» **Data to examine**:
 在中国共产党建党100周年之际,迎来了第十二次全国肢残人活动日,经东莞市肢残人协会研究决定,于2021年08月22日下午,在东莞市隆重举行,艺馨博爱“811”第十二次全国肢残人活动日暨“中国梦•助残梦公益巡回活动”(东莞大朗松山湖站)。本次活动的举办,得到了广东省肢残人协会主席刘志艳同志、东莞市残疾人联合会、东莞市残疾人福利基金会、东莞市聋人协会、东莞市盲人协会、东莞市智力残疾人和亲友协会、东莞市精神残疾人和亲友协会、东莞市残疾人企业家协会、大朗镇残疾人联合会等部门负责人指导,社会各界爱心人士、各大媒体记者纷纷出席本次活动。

* * *

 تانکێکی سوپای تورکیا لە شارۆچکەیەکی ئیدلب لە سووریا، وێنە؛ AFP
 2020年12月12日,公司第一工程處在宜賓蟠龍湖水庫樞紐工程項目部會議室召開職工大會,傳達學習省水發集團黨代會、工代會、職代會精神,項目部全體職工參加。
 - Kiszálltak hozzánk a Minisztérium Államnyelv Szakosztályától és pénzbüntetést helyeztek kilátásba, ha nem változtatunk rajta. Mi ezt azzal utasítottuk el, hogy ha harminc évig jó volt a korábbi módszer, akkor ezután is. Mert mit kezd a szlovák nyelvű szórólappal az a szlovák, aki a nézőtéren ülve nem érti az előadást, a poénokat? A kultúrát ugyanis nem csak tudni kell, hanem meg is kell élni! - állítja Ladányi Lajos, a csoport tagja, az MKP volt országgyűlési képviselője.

» **Work request**: Within the data above, the span starting at the line containing "2020年12月12日,公司" and ending at the line containing "- Kiszálltak hozzánk" is to be retyped exactly, with no other lines.

» **Written response**:
 2020年12月12日,公司第一工程處在宜賓蟠龍湖水庫樞紐工程項目部會議室召開職工大會,傳達學習省水發集團黨代會、工代會、職代會精神,項目部全體職工參加。
 - Kiszálltak hozzánk a Minisztérium Államnyelv Szakosztályától és pénzbüntetést helyeztek kilátásba, ha nem változtatunk rajta. Mi ezt azzal utasítottuk el, hogy ha harminc évig jó volt a korábbi módszer, akkor ezután is. Mert mit kezd a szlovák nyelvű szórólappal az a szlovák, aki a nézőtéren ülve nem érti az előadást, a poénokat? A kultúrát ugyanis nem csak tudni kell, hanem meg is kell élni! - állítja Ladányi Lajos, a csoport tagja, az MKP volt országgyűlési képviselője.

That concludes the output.